From the line containing "ZQS4275 Portable 25W" to the line containing "おはようございます☀️ 永明さん🐼🎩💖 🎉🎂Happy" in the records below, set down every line exactly as it stands, both ends included, and skip the pictures.

--- DATA RECORDS Enclosed Below ---

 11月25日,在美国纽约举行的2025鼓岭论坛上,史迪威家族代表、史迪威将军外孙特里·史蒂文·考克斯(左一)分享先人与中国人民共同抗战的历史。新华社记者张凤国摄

--- End of Enclosed DATA RECORDS ---
--- DATA RECORDS Enclosed Below ---

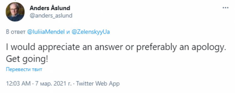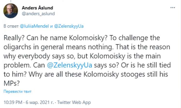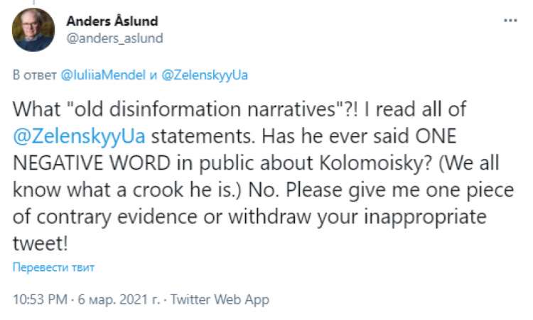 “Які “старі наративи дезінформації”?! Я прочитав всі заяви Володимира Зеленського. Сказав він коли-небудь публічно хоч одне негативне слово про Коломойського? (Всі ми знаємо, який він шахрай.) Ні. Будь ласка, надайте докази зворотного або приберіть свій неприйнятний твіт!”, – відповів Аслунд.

--- End of Enclosed DATA RECORDS ---
--- DATA RECORDS Enclosed Below ---

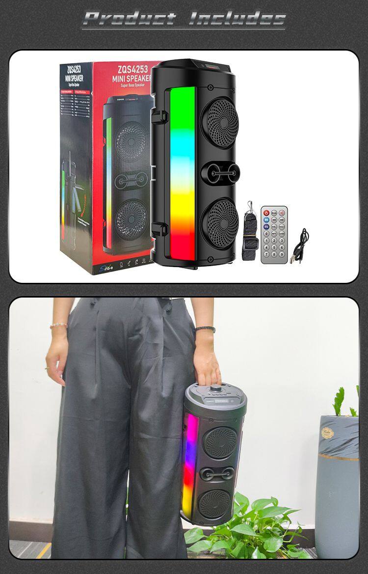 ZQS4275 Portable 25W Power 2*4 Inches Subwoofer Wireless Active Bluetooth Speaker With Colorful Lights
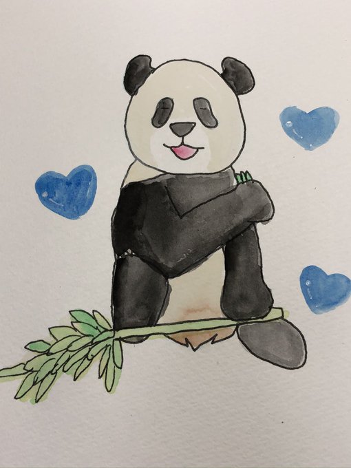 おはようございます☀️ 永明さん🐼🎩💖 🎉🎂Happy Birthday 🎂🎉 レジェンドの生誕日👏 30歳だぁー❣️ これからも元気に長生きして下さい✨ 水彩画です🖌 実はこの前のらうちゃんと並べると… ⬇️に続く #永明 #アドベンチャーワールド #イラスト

--- End of Enclosed DATA RECORDS ---

§ **TASK ANSWER**:
 ZQS4275 Portable 25W Power 2*4 Inches Subwoofer Wireless Active Bluetooth Speaker With Colorful Lights
 おはようございます☀️ 永明さん🐼🎩💖 🎉🎂Happy Birthday 🎂🎉 レジェンドの生誕日👏 30歳だぁー❣️ これからも元気に長生きして下さい✨ 水彩画です🖌 実はこの前のらうちゃんと並べると… ⬇️に続く #永明 #アドベンチャーワールド #イラスト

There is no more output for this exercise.